After that there was just the usual short farewell and thanks from Gary Goodman of Hotsos. Although the thanks were appreciated, I'm glad they were spread around everybody because the attendees are one of the things that make this conference great and Becky and Rhonda did their usual sterling job of organising everything.

Then it was time for some Fajitas with a few friends (actually, a whopping great number of friends who practically filled the Mexican restaurant!) and a few very sedate beers. (We are old men (and women) now and the night before was a big one!) While we were waiting to go to the Mexican, I had one great surprise left - Alex's flights weren't going to get him home, so he came back from the airport and had to check in overnight! At least I got a chance to talk to him properly when I wasn't hopelessly drunk and didn't try to seduce him this time.
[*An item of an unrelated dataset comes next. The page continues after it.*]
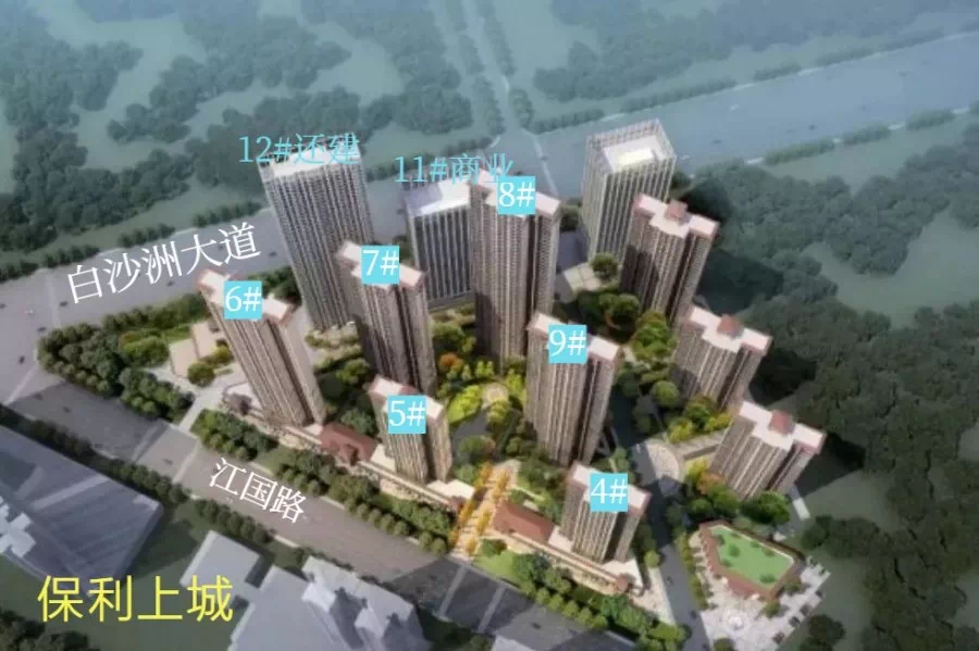 位于保利上城的正北面,江国路和白沙洲大道交汇处。净用地面积4.6万方,总建筑面积24.6万方,商业面积4.3万方,居住面积13.9万方,容积率3.94,绿地率40%,总户数1295户,停车位1666个,其中地上11个,地下1655个,户均107平。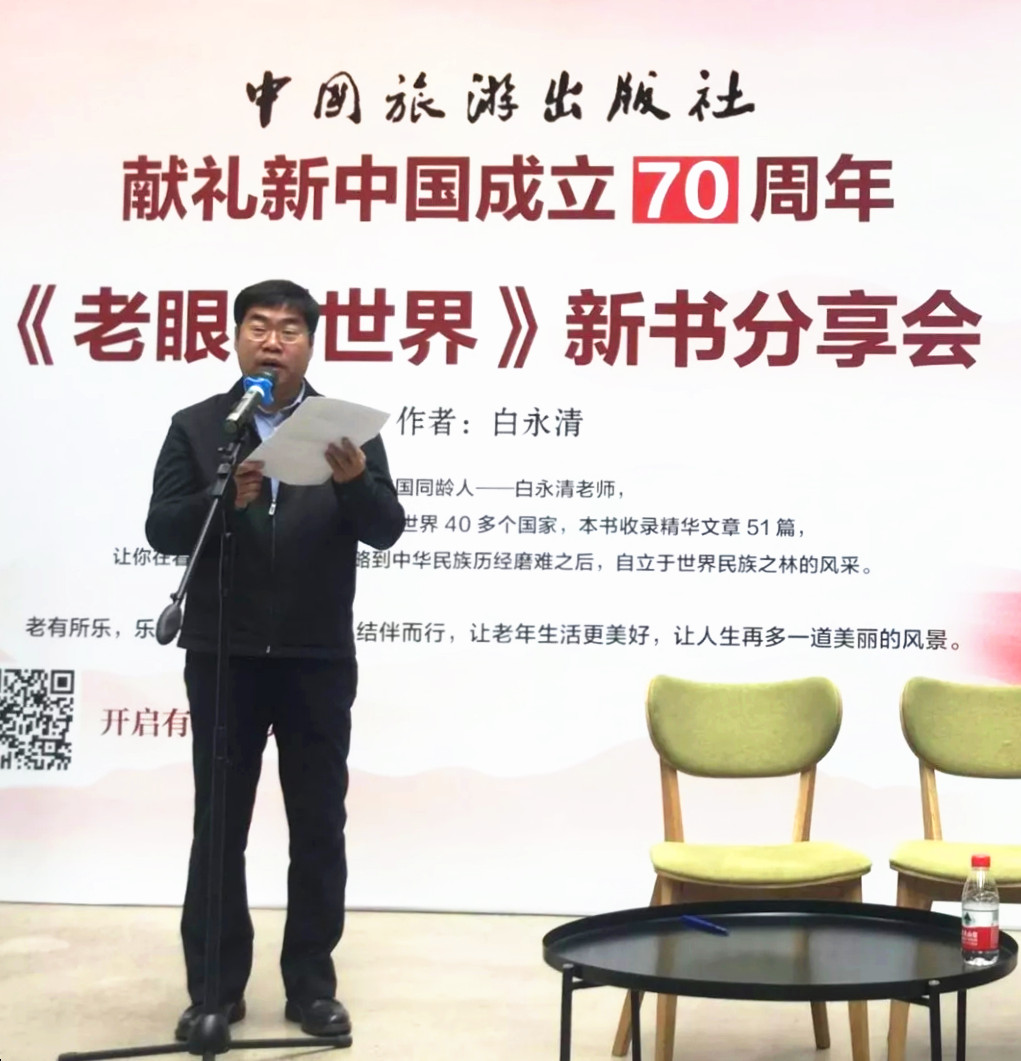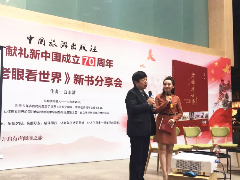 3月29日上午,中国旅游出版社在西四红楼公共藏书楼举行《老眼看世界》新书发布会暨旅游分享会,并藉此向新中国成立70周年献礼。

Now I need to stop blogging and get back to listening to Tanel's Training Day (good stuff, too, but more about that later)
Posted by Doug Burns Comments: (10) Trackbacks: (0)
Defined tags for this entry: conferences, hotsos 2010
Related entries by tags:
Time Matters: Throughput vs. Response Time - Part 2
Hotsos 2010 - Summary
Hotsos 2010 - Day 5 - Training Day with Tanel Poder
Hotsos 2010 - Monique
Hotsos 2010 - What's THAT?
Hotsos 2010 - Day 3 - An excellent one (part 1)
Hotsos 2010 - Congratulations, Marco!
Hotsos 2010 - My Presentation
Hotsos 2010 - Day 2 - The conference begins
Hotsos 2010 - Day 1.79 - Friends show up

Trackbacks
Trackback specific URI for this entry

PingBack
Weblog: kerryosborne.oracle-guy.com
Tracked: Mar 17, 02:10

Comments
Display comments as (Linear | Threaded)

#1 - Kevin Closson said:
2010-03-12 18:52 - (Reply)

LGWR, LGWR, when will they ever learn. I don't care who's talking about elevating LGWR priority. It makes no difference on a busy system. Here's a little problem for you all to consider. When a foreground process is waiting for LGWR to post it (signaling the session's redo has been written), what state and mode is it in? It's sleeping in kernel mode. When a kernel mode process becomes runable what gets CPU first? A runable user mode process (with elevated priority) or a runable kernel mode process? Yep, you guessed right.

So, if you have, say, 8 cores and LGWR is servicing a group commit for 11 sessions, uh, what do you think happens when he posts all of them and what do you think an elevated user mode priority for LGWR has to do with any of that? :-)

Must be time for me to blog all that again.

#2 - Doug Burns said:
2010-03-12 23:48 - (Reply)

I don't care who's talking about elevating LGWR priority.

Neither do I ;-) In fact, I spent some time questioning this at my current client a few months ago, to no avail. (Well, it probably does make a bit of a difference who's saying it, if I'm honest)

But, yeah, I think it is time for you to blog again ;-)

It was great to see you again, albeit through fairly drunken eyes on that last evening!

#3 - Bob Sneed said:
2010-03-13 20:59 - (Reply)

Who said anything about *elevating* LGWR priority? The point was to keep its priority from being inappropriately reduced and otherwise prevent its operation from being degraded by competition.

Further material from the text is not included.